The cleansed data will then be used alongside **Foursquare** data, which is readily available. Foursquare location data will be leveraged to explore or compare **neighbourhoods around London**.<br><br>
Data Science Workflow:<br>
1.	Get the population in borough based on ethnicity<br>
2.	Clean the dataset and find the borough with the highest population of Asians.<br>
3.	Select the borough with highest population of Asian as preferred location for the store<br>
4.	Get the list of all the boroughs with their latitudes and longitudes<br>
5.	Plot all the neighbourhoods on a map<br>
6.	Get all the neighbourhoods of the selected borough with their latitudes and longitudes<br>
7.	Visualize the neighbourhood of the borough<br>
8.	Explore the all the neighbourhood with FourSquare API<br>
9.	Analyse each neighbourhood of selected borough<br>
10.	Display the top ten venues of each neighbourhood<br>
11.	Compare each neighbourhood venues for café, Indian restaurant and parks<br>
12.	Displaying selected neighbourhoods of borough on map <br>
13.	Outcome and conclusion


#### importing required libararies

In [3]:
# Import libraries
import numpy as np # library to handle data in a vectorized manner
import json # library to handle JSON files
import pandas as pd

#!conda install -c conda-forge geopy --yes 
from geopy.geocoders import Nominatim # convert an address into latitude and longitude values

import requests # library to handle requests
from pandas.io.json import json_normalize # tranform JSON file into a pandas dataframe

# Matplotlib and associated plotting modules
import matplotlib.pyplot as plt
import matplotlib.cm as cm
import matplotlib.colors as colors

from bs4 import BeautifulSoup
import requests

# Import k-means from clustering stage
from sklearn.cluster import KMeans

#!conda install -c conda-forge folium=0.5.0 --yes 
import folium # map rendering library

print('Libraries imported.')

Libraries imported.


### downloading the enthnic gropus by borough dataset 

In [132]:
!wget -O ethnic-groups-by-borough.xls https://data.london.gov.uk/dataset/ethnic-groups-borough

--2020-06-19 19:04:29--  https://data.london.gov.uk/dataset/ethnic-groups-borough
Resolving data.london.gov.uk (data.london.gov.uk)... 99.86.109.72, 99.86.109.39, 99.86.109.57, ...
Connecting to data.london.gov.uk (data.london.gov.uk)|99.86.109.72|:443... connected.
HTTP request sent, awaiting response... 200 OK
Length: unspecified [text/html]
Saving to: ‘ethnic-groups-by-borough.xls’
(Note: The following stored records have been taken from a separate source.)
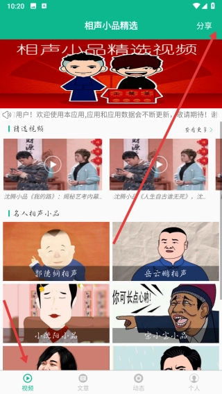 相声小品精选是一款实用的相声小品类应用,它汇聚了相声与小品内容,还包含历届经典的相声小品相关文章供用户阅读。在相声板块,有郭德纲、岳云鹏、曹云金等演员的精彩相声视频;小品板块则收录了沈腾、宋小宝、贾玲等搞笑明星的精彩小品视频,欢迎大家前来观看体验。
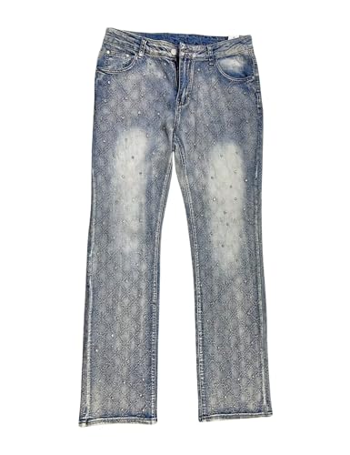 More information about Men Rhinestone Skinny Ripped Jeans Y2k Stretch Slim Fit Stacked Jeans Grunge Denim Pants
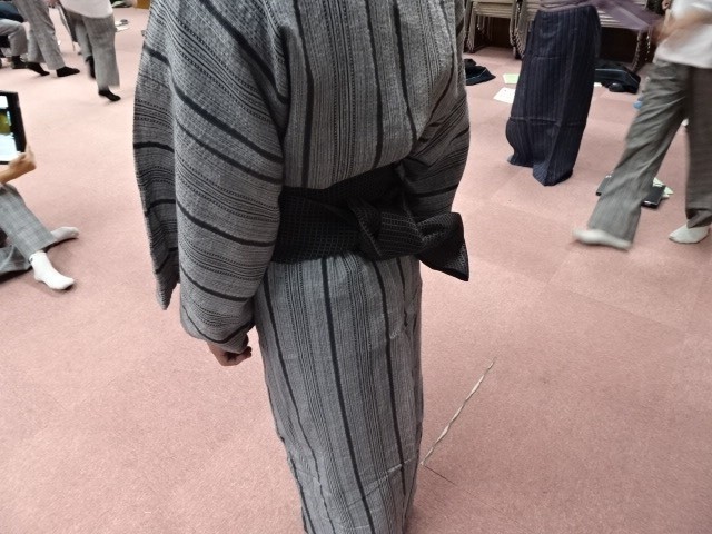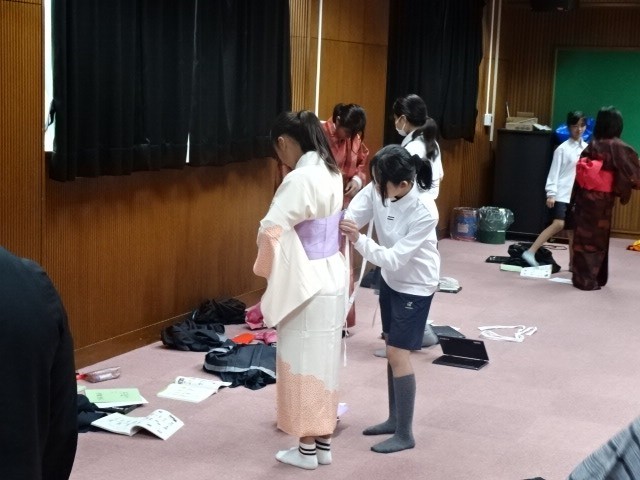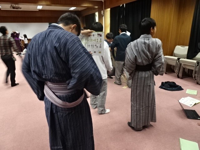 浴衣を羽織り、帯を締めるまでをペアになっておこなうのですが、帯を結ぶのにどの生徒も悪戦苦闘。コツさえつかめばきれいにできるのですが、初めてだとそうもいかず、「先生、わかりません」の声があちこちから上がっていました

    [ <=>                                   ] 138,203     --.-K/s   in 0.03s   

2020-06-19 19:04:29 (3.97 MB/s) - ‘ethnic-groups-by-borough.xls’ saved [138203]
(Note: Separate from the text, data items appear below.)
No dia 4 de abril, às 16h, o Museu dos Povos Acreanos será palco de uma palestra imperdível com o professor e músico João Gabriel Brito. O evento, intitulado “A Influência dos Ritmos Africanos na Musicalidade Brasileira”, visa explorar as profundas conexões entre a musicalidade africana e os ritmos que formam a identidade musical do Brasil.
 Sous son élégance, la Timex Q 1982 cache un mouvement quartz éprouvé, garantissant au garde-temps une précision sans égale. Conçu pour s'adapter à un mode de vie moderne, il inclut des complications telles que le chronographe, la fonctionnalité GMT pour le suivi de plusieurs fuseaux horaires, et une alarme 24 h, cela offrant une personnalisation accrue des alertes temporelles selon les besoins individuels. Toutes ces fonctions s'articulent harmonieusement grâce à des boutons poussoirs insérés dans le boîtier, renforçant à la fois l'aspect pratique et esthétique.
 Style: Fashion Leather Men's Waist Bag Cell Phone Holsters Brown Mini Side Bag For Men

#### Acessing the data set via watson studio

In [109]:
# The code was removed by Watson Studio for sharing.

#### getting data into pandas dataframe 

In [110]:
df= pd.read_excel(streaming_body_3, sheet_name='2018',header=1)

In [111]:
df.head()

Unnamed: 0.1,Unnamed: 0,Unnamed: 1,White,Asian,Black,Mixed/ Other,Total,Unnamed: 7,White.1,Asian.1,Black.1,Mixed/ Other.1,Total.1
0,,,,,,,,,,,,,
1,E09000001,City of London,-,-,-,-,9000.0,,-,-,-,-,6000.0
2,E09000002,Barking and Dagenham,109000,54000,36000,15000,215000.0,,11000,8000,6000,4000,15000.0
3,E09000003,Barnet,250000,57000,30000,54000,390000.0,,22000,10000,7000,10000,27000.0
4,E09000004,Bexley,195000,17000,21000,15000,248000.0,,15000,5000,5000,4000,17000.0


###  Clean the dataset .

#### renaming columns

In [112]:
df.rename(columns={"Unnamed: 0":"code","Unnamed: 1":"area"},inplace= True)
df.head()

Unnamed: 0,code,area,White,Asian,Black,Mixed/ Other,Total,Unnamed: 7,White.1,Asian.1,Black.1,Mixed/ Other.1,Total.1
0,,,,,,,,,,,,,
1,E09000001,City of London,-,-,-,-,9000.0,,-,-,-,-,6000.0
2,E09000002,Barking and Dagenham,109000,54000,36000,15000,215000.0,,11000,8000,6000,4000,15000.0
3,E09000003,Barnet,250000,57000,30000,54000,390000.0,,22000,10000,7000,10000,27000.0
4,E09000004,Bexley,195000,17000,21000,15000,248000.0,,15000,5000,5000,4000,17000.0


##### droping first to rows as they ar not important

In [113]:
df.drop(index=[0,1],inplace = True)
df.head()

Unnamed: 0,code,area,White,Asian,Black,Mixed/ Other,Total,Unnamed: 7,White.1,Asian.1,Black.1,Mixed/ Other.1,Total.1
2,E09000002,Barking and Dagenham,109000,54000,36000,15000,215000.0,,11000,8000,6000,4000,15000.0
3,E09000003,Barnet,250000,57000,30000,54000,390000.0,,22000,10000,7000,10000,27000.0
4,E09000004,Bexley,195000,17000,21000,15000,248000.0,,15000,5000,5000,4000,17000.0
5,E09000005,Brent,102000,107000,62000,56000,328000.0,,13000,13000,10000,9000,23000.0
6,E09000006,Bromley,267000,15000,21000,28000,330000.0,,21000,5000,6000,7000,24000.0


##### droping the empty column

In [114]:
df.drop(columns="Unnamed: 7", axis=1,inplace = True)
df.head()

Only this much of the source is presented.